I don't get the concept of Visual Studio Projects and Solutions

In Eclipse, I have a workspace that contains all of my projects. Each project builds and compiles separately. A project does not interact with another project.

How does this relate to Visual Studio and Projects/Solutions there?

Upvotes: 9

Views: 2670

Answers (8)

Jeremy Bade
Jeremy Bade

Reputation: 511

I found that not always seeing the solution in the Solution Explorer to be irritating. There is a setting in Options->Projects and Solutions->General called "Always Show Solution" which was handy.

Upvotes: 0

Pete
Pete

Reputation: 1810

There are way too many kinds of web projects in Visual Studio 2008. There are Web Site Projects vs. Web Application Projects and they limit you in different ways. It's a good example of Microsoft providing too many choices instead of focusing on one strong solution. Even within the Web site Project option, there are at least 3 different ways to compile your application.

Upvotes: 0

Tom Kidd
Tom Kidd

Reputation: 12918

The thing that may be throwing you off is the following:

In VS2003, everything had a Project file and a Solution file. If you had a Solution with one Project, you could open the Solution and see the one Project. If you opened the Project, it would try and create a new Solution file to contain the Project. But web projects and Winform projects all had Projects and Solutions.

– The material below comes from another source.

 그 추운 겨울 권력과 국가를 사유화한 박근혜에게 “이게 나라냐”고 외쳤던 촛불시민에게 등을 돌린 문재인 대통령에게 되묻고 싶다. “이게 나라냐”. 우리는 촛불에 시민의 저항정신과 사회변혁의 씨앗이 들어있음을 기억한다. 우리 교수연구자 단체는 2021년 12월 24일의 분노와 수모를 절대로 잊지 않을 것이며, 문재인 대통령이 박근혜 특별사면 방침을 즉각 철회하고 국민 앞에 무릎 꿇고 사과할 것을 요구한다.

In VS2005 this changed a bit - by default now, Web projects no longer had Project files. They had received feedback from some web developers that didn't like Project files - their take was that if a file is in the directory, it's part of the app. After VS2005 shipped, they got more feedback from developers who did like the Project file notion, so they patched it back in. This is "Web Site" versus "Web Application" in VS2005 (and I can't remember which is which now).

In addition, in VS2005, if you have a Solution open with only one Project, you won't see in the Solution Explorer that there's even a Solution at all, you'll only see the Project (as if it was not in a Solution). Only after adding the second Project will you see that there's a Solution containing them both.

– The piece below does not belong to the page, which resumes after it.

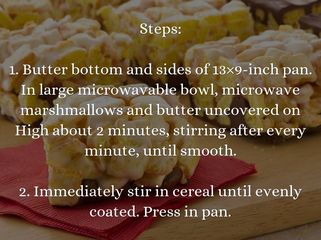1. Butter bottom and sides of 13×9-inch pan. In large microwavable bowl, microwave marshmallows and butter uncovered on High about 2 minutes, stirring after every minute, until smooth.

So basically you were on the right track - Solutions and Projects work the same in Visual Studio as they did in Eclipse, it's just some quirks that make things confusing.

Upvotes: 1

Shawn
Shawn

Reputation: 19823

A Solution has 0 or many Projects...

Upvotes: 0

aib
aib

Reputation: 47031

@Thomas Owens:

Yes, some (most?) people using Eclipse have more than one workspace. It's what surprised me the most when I first started using Eclipse, so I'm replying here to make this comment more visible.

Upvotes: 1

Rob Allen
Rob Allen

Reputation: 17749

Another way to look at it is, a solution is a container for projects. For most of my work , I create each tier as a project within a solution so my tree looks like:

  • My Web App or Win App
    • Presentation Layer
      • files...
    • Business Layer
      • files...
    • Data Access
      • files

Your mileage may vary

Upvotes: 2

Howler
Howler

Reputation: 2262

A VS project is it's own entity. It will build and compile by itself. A Solution is just a way to contain multiple projects. The projects don't necessarily need the other projects to compile (though, they can depend on the other projects).

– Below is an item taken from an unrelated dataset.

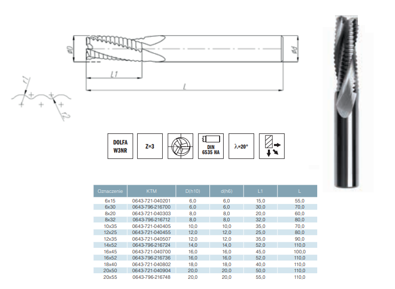 - Typ produktu: frez trzpieniowy walcowo-czołowy

This just lets you conceptually group projects together into one Big Project. For instance, you can have a separate testing project. It depends on the code from the actual project, and should be kept together with the actual project, but it does not need to be in the same exe/dll.

Upvotes: 23

jodonnell
jodonnell

Reputation: 50487

Each VS project builds a single EXE or DLL. The solution is just a collection of related projects.

So VS project:Eclipse project::VS solution:Eclipse workspace.